Working Partnerships with Other Professionals

There should be a common understanding amongst the professionals on how children and their families should be involved. In general there should be a presumption of openness, joint decision making and a willingness to listen to families and capitalise on their strengths. The overarching principle should always be to act in the best interests of the child.

Some information known to professionals should be treated confidentially and should not be shared in front of some children or some adult family members. Such information might include personal health information about particular family members, unless consent has been given, or information which, if disclosed, could compromise criminal investigations or proceedings.

Agencies and professionals should be honest and explicit with children and families about professional roles, responsibilities, powers and expectations, and about what is and is not negotiable.

Working relationships with families should develop according to individual circumstances. From the outset, professionals should assess if, when, and how the involvement of different family members – both children and adults – can contribute to safeguarding and promoting the welfare of a particular child or group of children. This assessment may change over time as more information becomes available or as families feel supported by professionals. 

Communication and Explanation

Good communication both between professionals and with the family is an essential part of child protection. Problems, and tragedies, have too often stemmed from the failure to share information or give clear explanations to ensure that key people are aware of the concerns.

Good communication with the family is equally important. Parents and children/young people are entitled to explanations about:

  • What is happening and why
  • What is planned or likely to happen; and
  • Who the person talking to them is, and what their role is.

They are also entitled to be listened to and to ask questions. Giving explanations is not always easy, emotions may be running high or the situation itself may be far from clear. Professionals should try to answer all questions honestly and openly acknowledging that they may not have all the information at that point in time.

Additionally, a parent may be suspected of causing the alleged abuse. If the police are likely to question someone, care will need to be taken not to pre-empt their interview or cause a situation where a child or young person is put under pressure to retract an allegation.

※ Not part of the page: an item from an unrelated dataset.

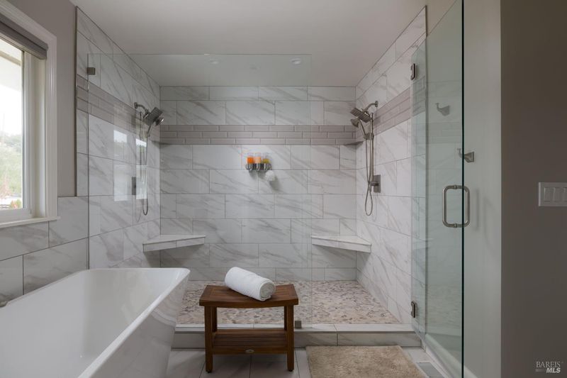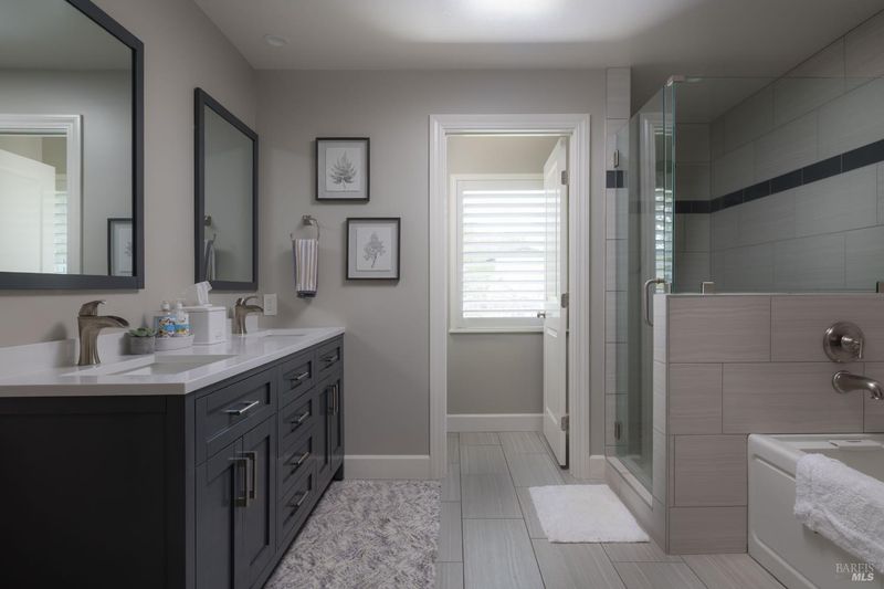 - Double Sinks, Low-Flow Toilet(s), Multiple Shower Heads, Soaking Tub, Tile, Walk-In Closet, Window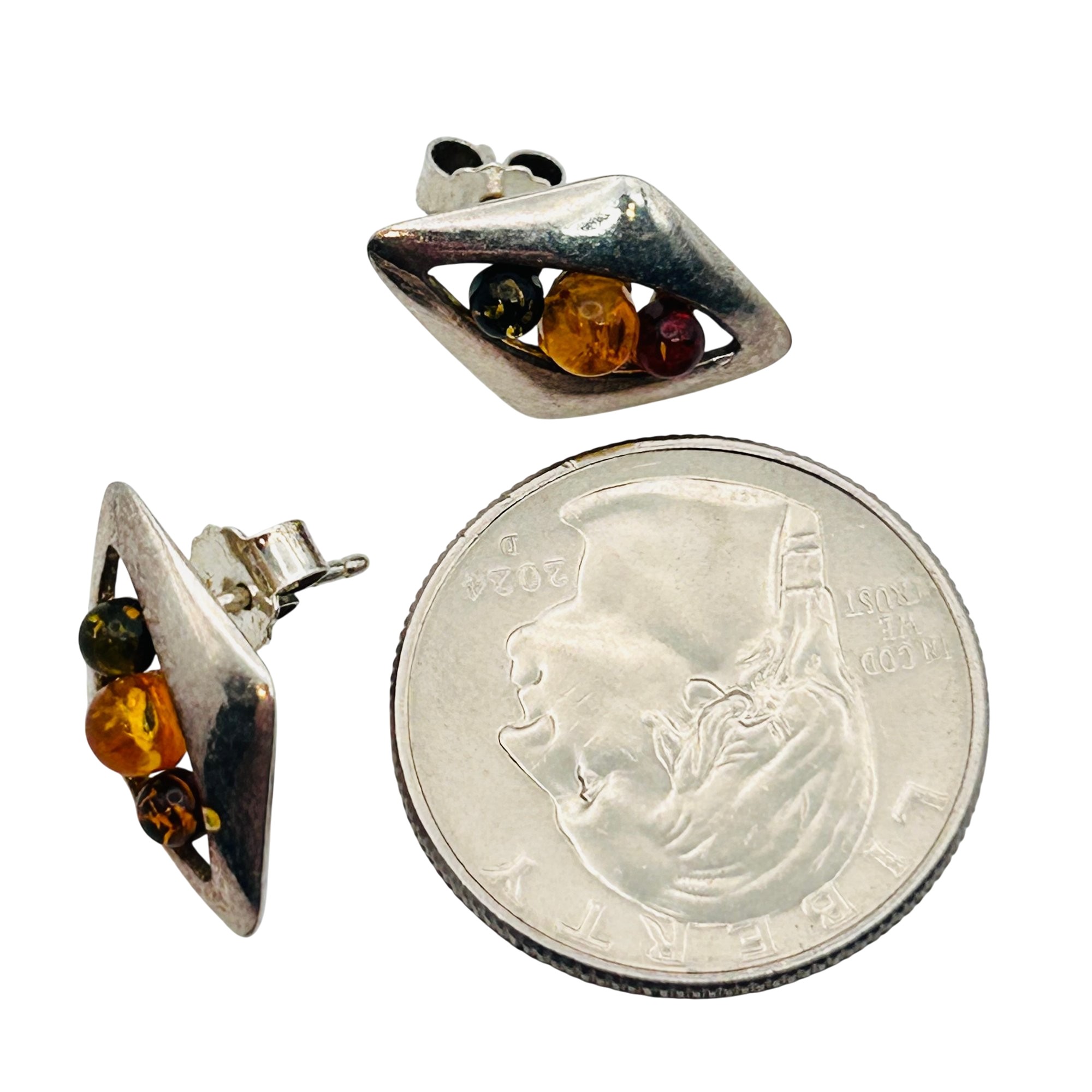 Sterling Amber stud earring. 2.70g

If it becomes clear that the police will be involved, this should be openly acknowledged.

Professionals should bear in mind that they are likely to be more familiar with the system than the family, that explanations are likely to take time and may need to be repeated. It may be helpful to offer to put explanations in writing. Silence should never be construed as understanding and professionals need to be alert to the possibility of misconceptions, arising either from ignorance or from media reports.

Scrupulous care must be taken to ensure that parents and child/young people are informed of their legal rights.